Given this type of coverage, it is no wonder that the U.S. public and the U.S. government end up believing that “we need a dialogue in Venezuela, not arrests and violence in the streets, and persecution against young people who are voicing their hopes for a future,” as Secretary of State Kerry has said. Actually, at the time Kerry made these statements, the Venezuelan government had offered to hold a dialogue with the opposition, including the student movement, but they have rejected these offers and the New York Times has failed to report these developments.

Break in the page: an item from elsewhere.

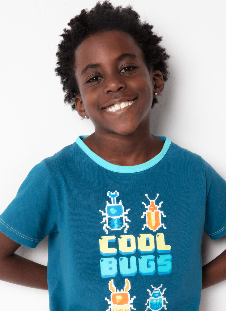 Pijama Longo Manga Curta Menino Teen Viscolycra Pixel Bugs Brilha no Escuro

This is something, by the way, that U.S. leaders never offered to Occupy Wall Street protesters, even though these protests enjoyed the support of a significant segment of the population.
In short, New York Times coverage of Venezuela is feeding into the widespread misconception that the Venezuelan government is repressing peaceful majority-supported protest. The reality, however, is that Venezuelans are facing a small, violent, and determined opposition sector, where the vast majority of the population (over 80% according to most independent polls) and even most opposition leaders oppose these protests.
We recall that the New York Times editors shamefully supported the military coup of 2002, before retreating and recanting after the coup was defeated by a mass uprising of the Venezuelan working people. Then, as now, the Times coverage echoes and reflects that of the US government. It is rarely mentioned in any of the coverage of Venezuela over the years that Washington has an extensive program — funded by a bipartisan US Congress — of open and covert aid and support to the Venezuelan opposition. The people of Venezuela must be allowed to resolve their problem without the intervention and interference of the US government. This is the united position of all of the governments and peoples of Latin America and the Caribbean.
We thus urge the New York Times to improve its reporting on Venezuela, so that the misconceptions it is spreading don’t continue to fuel violence within Venezuela and bad relations between Venezuela and the U.S.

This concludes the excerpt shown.